Çocuğun vücudunun kendine has özellikleri vardır ve gelişen vücudu etkileyen olumsuz faktörler bebeğin sağlığına ciddi zararlar verebilir.

Ana etki faktörünün baskınlığı, hastalığın sistematize edilmesinin temelini oluşturdu.

PEP sınıflandırması

Posthypoxic ensefalopati

Bu tip AED, gebelik sırasında yetersiz oksijen kaynağı veya akut oksijen açlığı - asfiksi gelişimi ile ilişkilidir. Rahim içi hipoksi, beyin kılcal damarlarının büyümesinde yavaşlamaya, geçirgenliklerinde ve kırılganlıklarında artışa neden olur. Önemli oksijen açlığının bir sonucu olarak, metabolik bozukluklar ortaya çıkar - asidoz, serebral ödem ve sinir hücrelerinin ölümü.

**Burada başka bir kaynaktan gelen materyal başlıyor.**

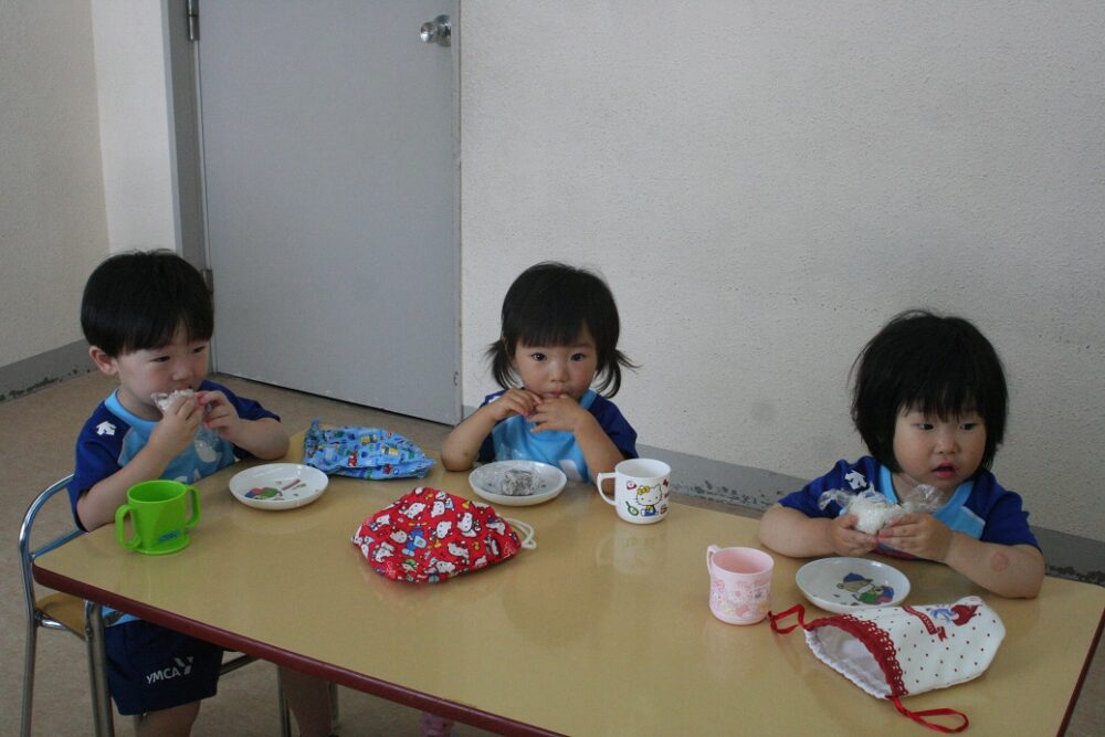 お部屋に戻って、今日は「おにぎり日」でした。お家から持ってきたおにぎりを、みんなとっても嬉しそうに食べていました。お友だちと見せ合いっこをしたり、いつも以上に会話が弾んだように思いました。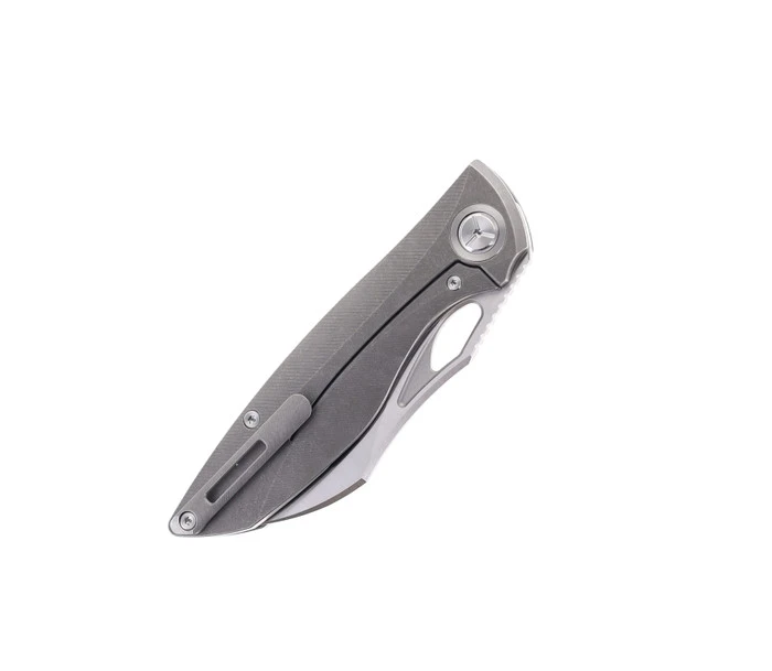 TwoSun Folding Knife Titanium Handle W/ Carbon Fiber Inlay M390 Plain Edge TS186-M390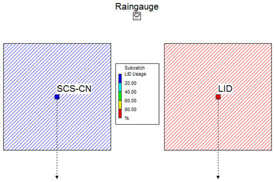 The model setup was designed to compare the performance, in terms of runoff creation capacity, of two different models: the SCS-CN model and the LID model for PPs. To measure and compare runoff hydrographs from two models, two equivalent catchments were created, as shown in Figure 3. The SCS-CN catchment was defined with the general SWMM model and infiltration was calculated with the CN method. The LID catchment was defined as entirely occupied by PP.

Yeni doğmuş bir bebekte ensefalopatinin en yaygın nedeni bebeğin vücuduna yetersiz oksijen sağlanmasıdır ve beyin hasarına hipoksik-iskemik ensefalopati (HIE) de denir.

Travma sonrası

Bu tür bir hastalık, doğum sırasında alınan bir yaralanmadan kaynaklanır. Fetüsün yanlış pozisyonu ve başın yerleştirilmesi, uzun süreli veya hızlı doğum, beyinde ve zarlarında yaralanmalar, kanamalar gelişmesine neden olur.

Bulaşıcı

Bir kadında bulaşıcı bir hastalık olması veya kronik bir sürecin alevlenmesi durumunda, patojenler plasentaya girebilir ve fetusu etkileyebilir. Çoğu enfeksiyon, hastalık hipoksik veya travmatik ensefalopati olarak "gizlenebildiği" gizli, gizli enfeksiyon oluşumu ile karakterize edilir.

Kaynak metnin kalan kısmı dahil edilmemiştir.